One of the more exciting “disturbances in the force” in the United States Department of Defense (DoD) and the global upskilling industry occurred in February 2023. That is when the DoD CIO Office published the DoD 8140.03 Manual that superseded the previous DoD 8570.01 Manual and defined how the 8140 Directive would operate. The goals of the 8140 Directive are to:
- Provide a larger array of standards-based certification and training options based on 72 work roles that the 8140 Directive currently defines. That list will change over time. The 72 work roles run the gamut, from software developer and data scientist to AI engineer and cyber defense incident responder. Under the 8140 program, “Cyber” includes cybersecurity and IT.
- Allow DoD workers to choose between certification and training options. For example, learners can select their certification for well-defined work roles or assessment-based training for emerging technologies. The goal is to widen the aperture to allow the choice of creative, compelling learning options that make learning easier, more hands-on and more practical.
- Attract, upskill and retain a more inclusive, diverse workforce and track their progress. Moving forward, the DoD workforce must reflect the unique diversity of skills, perspectives and experiences found in the overall population. Plus, all workers will have a record of their learning achievements.
We’re excited to help put the 8140 Directive to work.
Mutual Goals, Similar Perspectives
CompTIA shares very similar goals to D8140. Why? Because we listen very carefully to technologists, corporations, non-profits and governments around the world. As a result, we have a comprehensive, holistic perspective.
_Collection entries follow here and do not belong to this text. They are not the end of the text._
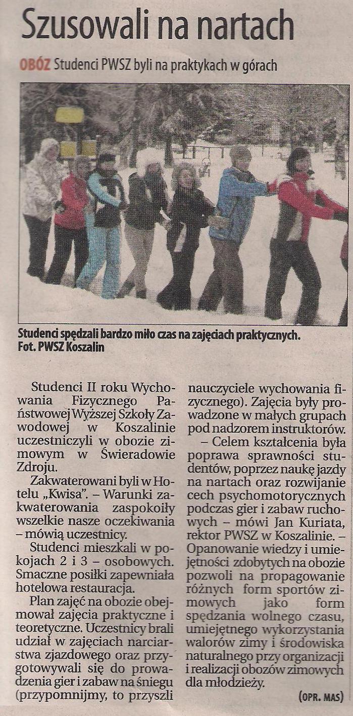 Notatka z lokalnego dziennika "Głos Koszaliński" z dn. 2.03.2012r. "Szusowali na nartach" - Obóz zimowy studentów WF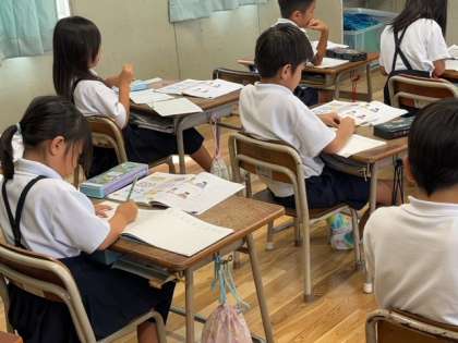 数をかぞえるにあたって、2つずつ、5つずつ、まとめることで早く数えることができることを学びました。1年生もしっかりと学校生活のペースを取り戻しつつある様子です。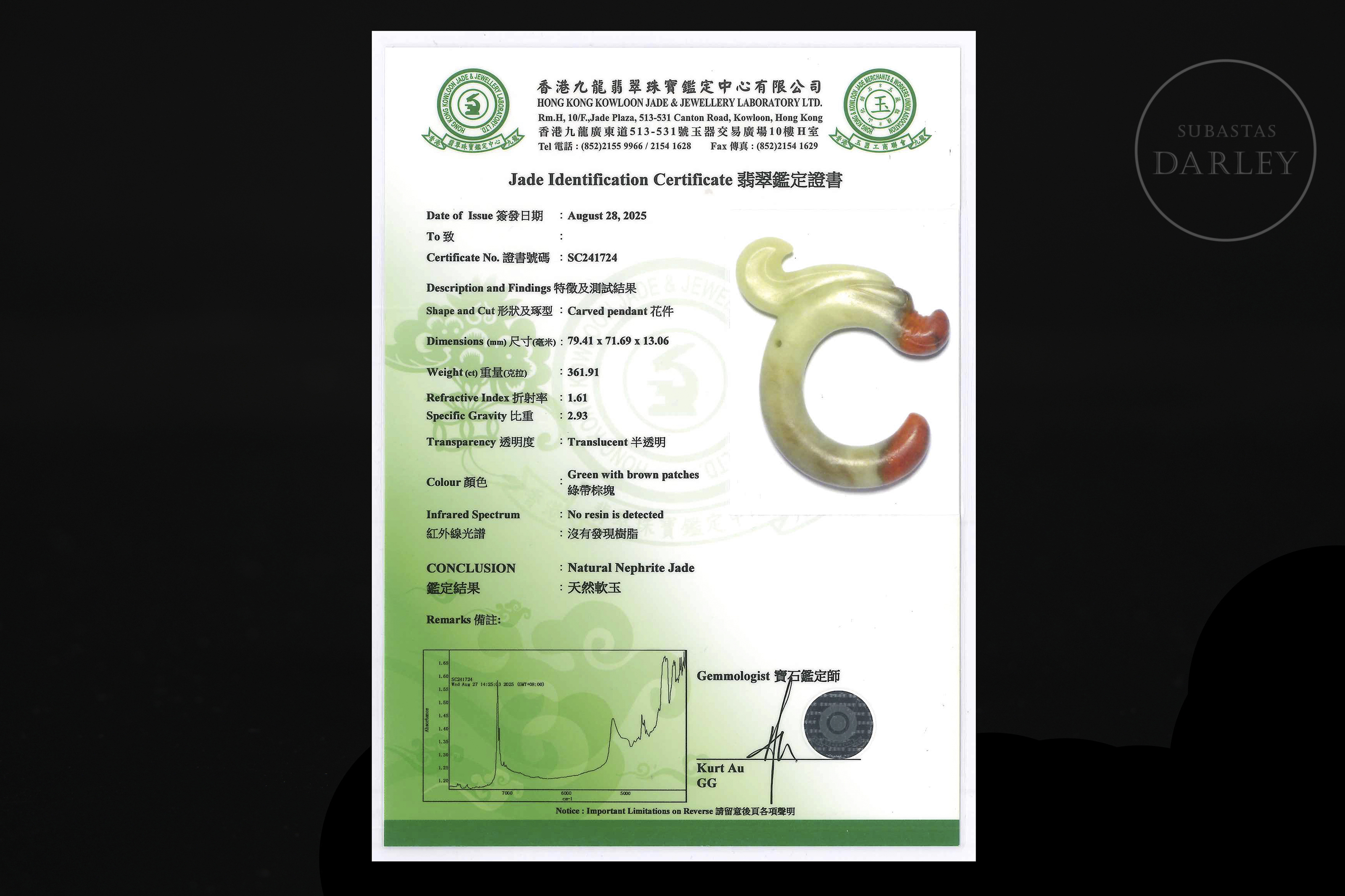 La pieza se acompaña de un certificado gemológico emitido por Hong Kong Kowloon Jade & Jewellery Laboratory LTD en el año 2025. SC241723.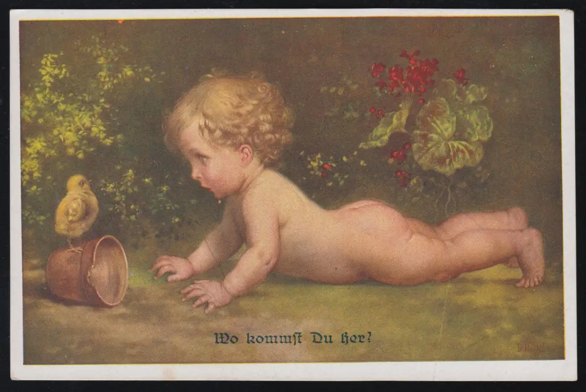 AK Artiste D'où viens-tu ? - Poussins avec enfant, maison d'édition Munk, inutile
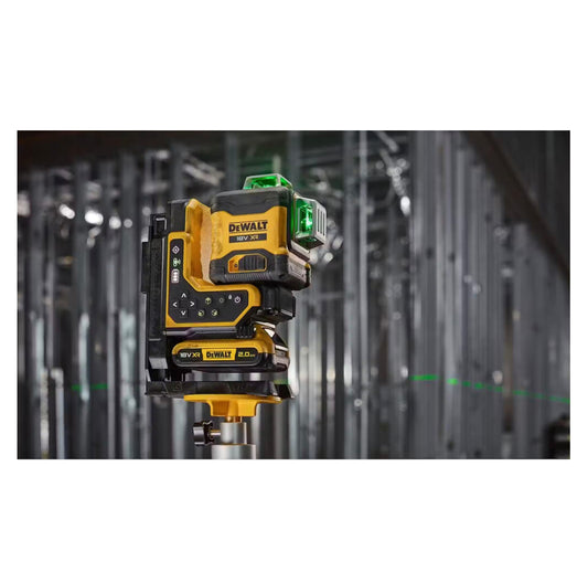 Nivel láser autonivelante Verde con control remoto de 3 lineas 360º XR 18V + Bateria 2Ah + Cargador Dewalt DCLE34035D1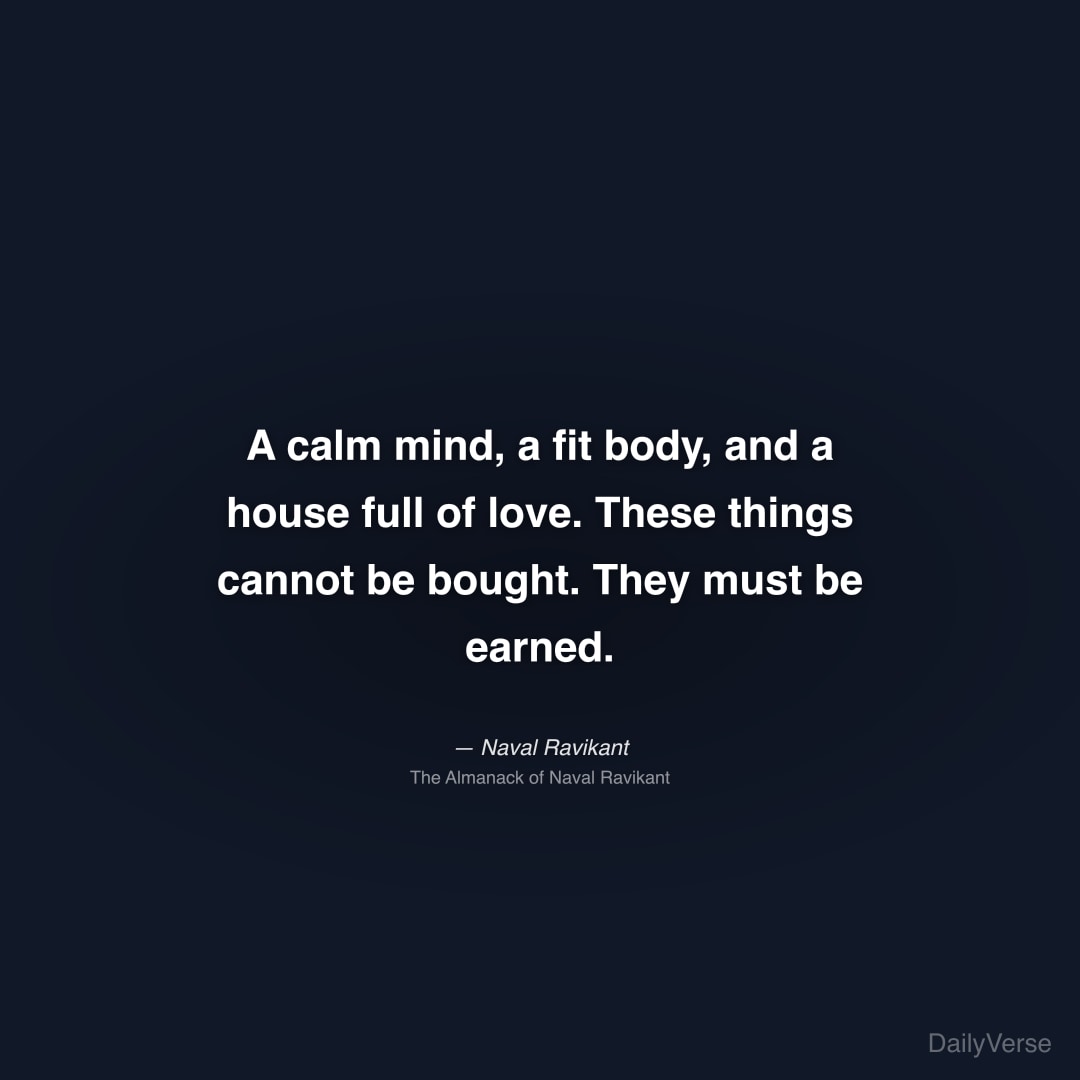 "A calm mind, a fit body, and a house full of love. These things cannot be bought. They must be earned." — Naval Ravikant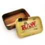 Lift the tray to reveal a spacious interior lined with rich wood grain, ideal for storing papers, filters, lighters, and other smoking accessories. Compatible with any standard 11″ x 7″ RAW metal tray, this cache box combines function, quality, and style – the ultimate setup for any RAW enthusiast.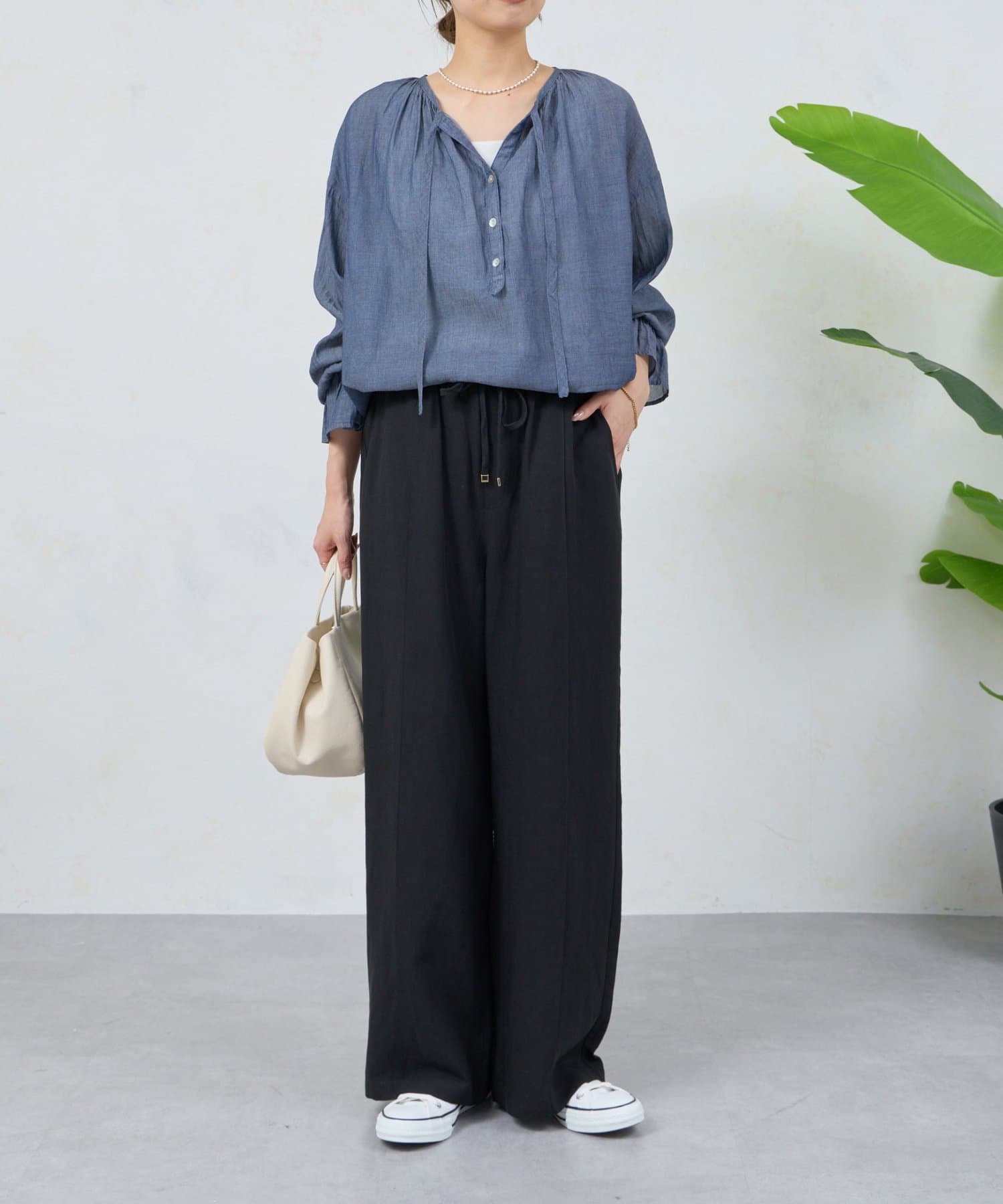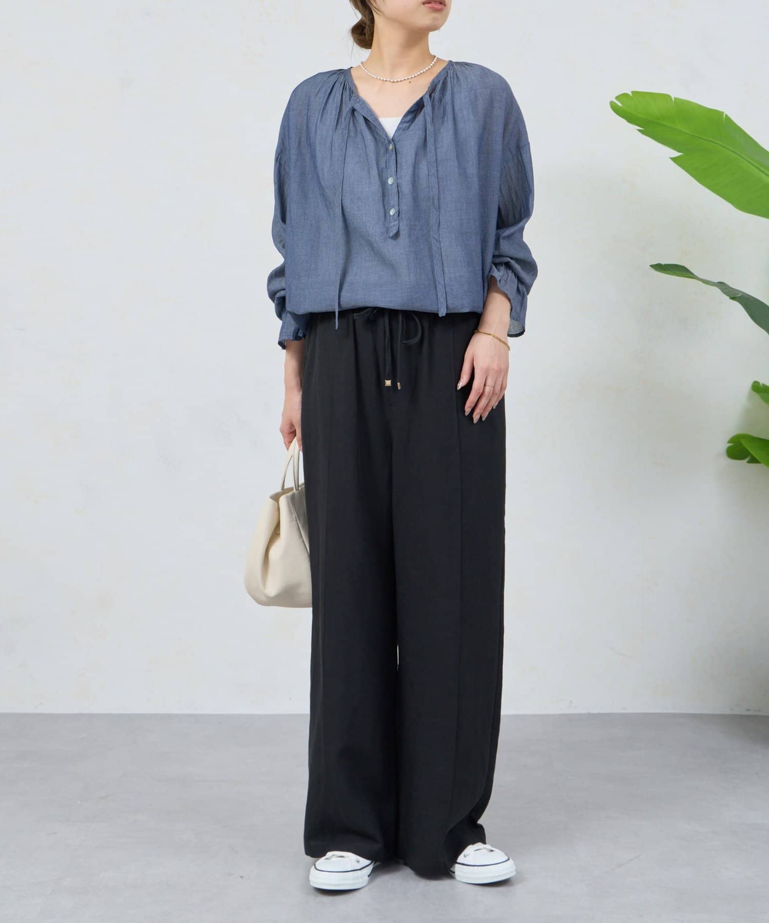 ・ゆったりとしたシルエットで、リラックス感がありながらも、オフィスにも着ていけるきちんと感を演出。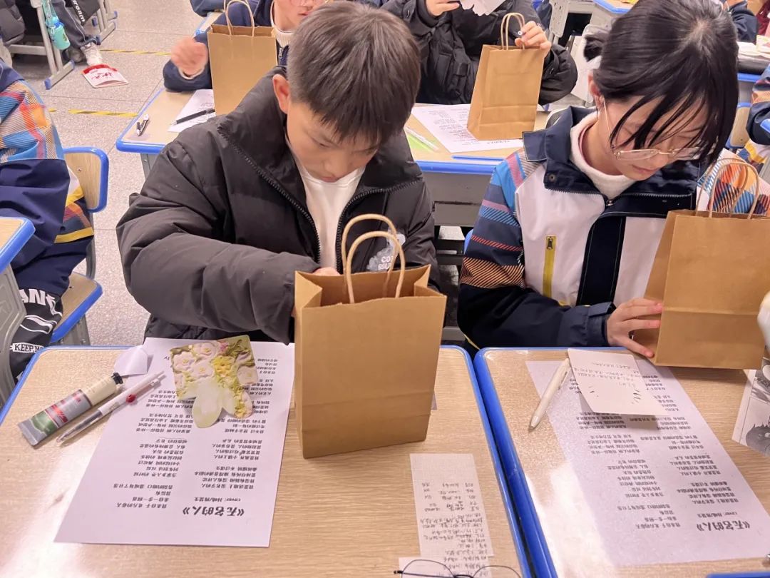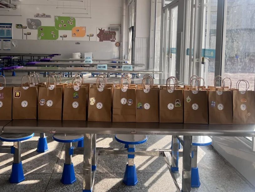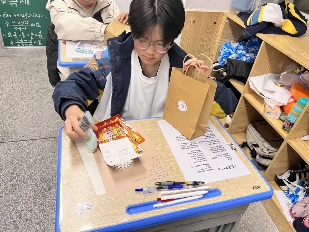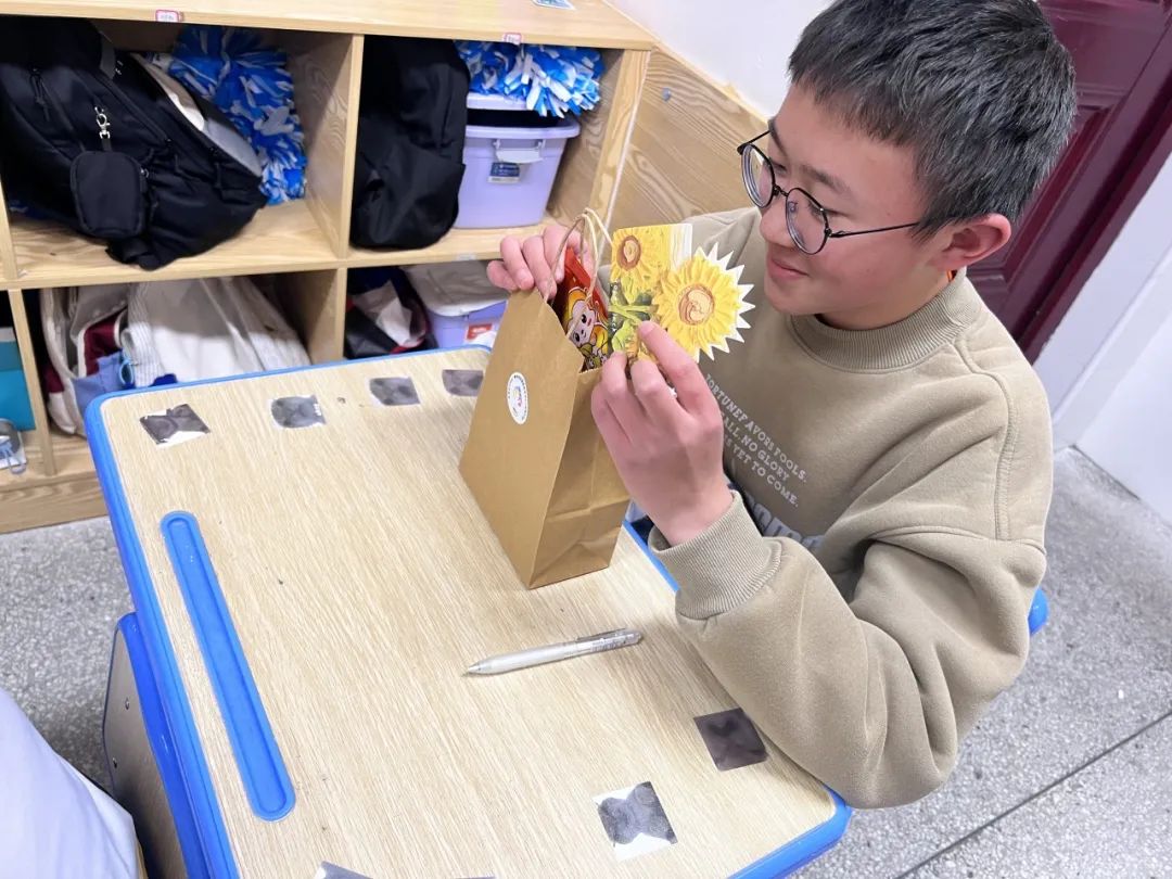 在准备阶段,学生们利用课余时间,给环卫工人写好了祝福贺卡,与准备好的暖贴、护手霜一起装入礼袋中。小小的礼物袋中承载着满满的温情。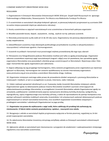 II ZIMOWE WARSZTATY ORKIESTROWE WOW 2016 REGULAMIN 1. Organizatorem II Zimowych Warsztatów Orkiestrowych WOW 2016 jest Zespół Szkół Muzycznych im. Ignacego Paderewskiego w Białymstoku, Stowarzyszenie Pro Musica oraz Białostocka Fundacja Pro Musica 2. O uczestnictwie w warsztatach decyduje kolejność zgłoszeń, w pierwszej kolejności przyjmowani są uczniowie ZSM na wolne miejsca pozostali chętni po zakończeniu rekrutacji . 3. Koszty uczestnictwa w zajęciach warsztatowych oraz uczestnictwa w koncertach pokrywa organizator 4. Wszelkie pozostałe koszty: dojazd , wyżywienie , nocleg , wydruk nut itp. pokrywa uczestnik. 5. Warsztaty przeznaczone są dla osób od 12 do 20 roku życia. Organizatorzy nie ponoszą odpowiedzialności za osoby niepełnoletnie. 6. Zakwalifikowani uczestnicy maja obowiązek punktualnego przychodzenie na próby w sekcjach(ustalane z nauczycielem) i orkiestrowe zgodnie z harmonogramem. 7. Uczestnik na próbach i koncertach musi przestrzegać etykiety przewidzianej dla tego typu zdarzeń 8. Filmowanie oraz fotografowanie podczas Warsztatów możliwe jest tylko za zgodą prowadzącego. Organizator zabrania uczestnikom rejestracji zajęć warsztatowych (nagrań i zdjęć) oraz ich powielania, bez uprzedniej zgody organizatora Warsztatów oraz pozostałych członków grupy uczestniczących w Warsztatach. Rejestracja video i foto zajęć i koncertów bez zgody organizatora jest zabroniona. 9. Zajęcia odbywają się wg przyjętego harmonogramu, który zostanie przygotowany przez organizatora po rejestracji zgłoszeń na Warsztaty. Harmonogram ten zostanie opublikowany na stronie internetowej organizatora www.promusica.org.pl oraz przesłany uczestnikom Warsztatów drogą mailową 10. Organizator niniejszym zastrzega sobie prawo do prowadzenia działań związanych z promocją Warsztatów w instytucjach i mediach, w tym w szczególności w prasie, Internecie, radio i telewizji. 11. Celem realizacji uprawnień określonych w ust. 9 powyżej, każdy Uczestnik Warsztatów niniejszym udziela Organizatorowi zgody na dokonywanie podczas trwania Warsztatów wszelkich czynności zmierzających do udokumentowania przebiegu Warsztatów; w szczególności Uczestnik Warsztatów udziela Organizatorowi zgody na: utrwalanie, publikowanie i zwielokrotnianie poprzez wytwarzanie określoną techniką drukarską i poligraficzną, reprograficzną, zapisu magnetycznego oraz techniką cyfrową, a także do wprowadzania do pamięci komputera oraz pamięci cyfrowych nośników mobilnych wizerunku Uczestników i ich artystycznych wykonań dokonywanych podczas organizowanych w ramach warsztatów koncertów, oraz wszelkich wypowiedzi Uczestników związanych z przebiegiem warsztatów i udzielonych Organizatorowi na jego prośbę. 12. Organizator ma prawo do wykluczenia z zajęć osób, które zakłócają ich przebieg lub zachowują się niestosownie. O fakcie takim zostanie powiadomiony: opiekun , nauczyciel oraz szkoła. 13. Rezygnacja z udziału w warsztatach będzie przyjmowana wyłącznie w formie pisemnej, najpóźniej na 14 dni przed rozpoczęciem warsztatów. 14. Po zakończeniu Warsztatów Uczestnicy otrzymają certyfikaty udziału w Zimowych warsztatach orkiestrowych WOW 2016. 15. Zgłoszenie udziału w warsztatach jest równoznaczne z przyjęciem do wiadomości i zaakceptowaniem niniejszego regulaminu oraz warunków uczestnictwa. Organizatorzy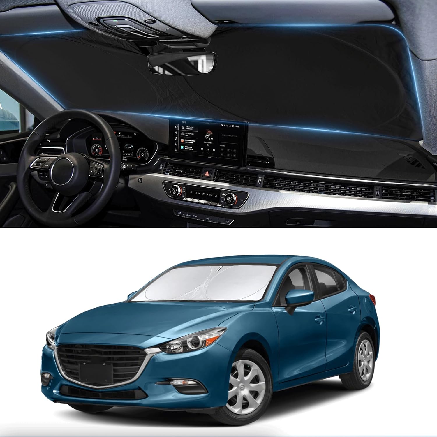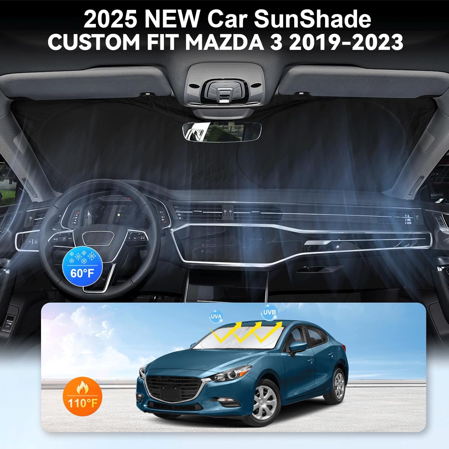 - [CUSTOM-FIT FRONT WINDSHIELD SUNSHADE] Automotive windshield sun shade is Specifically designed,which for Mazda 3 Accessories 2019-2023 2024 2025. We have several size of car sunshade. Please measure your car size and refer to our size before your purchase. Once installed it won't have gaps, sags or slumps like other car sun shade windshield

Our certification and training offerings have grown over the years to include IT, cybersecurity, data, software development and AI. We provide a unique depth and breadth of foundational and advanced offerings. We don’t just focus on traditional “cybersecurity” in isolation. We have naturally reached the same conclusions and are addressing the same needs as D8140.
CompTIA has had the privilege of working closely with the DOD CIO 8140 leadership team, including its leader, Mark Gorak, Principal Director for Resources and Analysis in the office of the Chief Information Officer (CIO). Together, we have also been able to work with additional workforce authorities, including Seeyew Mo, Assistant National Cyber Director for the White House, and Christopher Paris, Acting Director, Cyber Workforce at the U.S. Department of Veterans Affairs. It’s been quite the ride.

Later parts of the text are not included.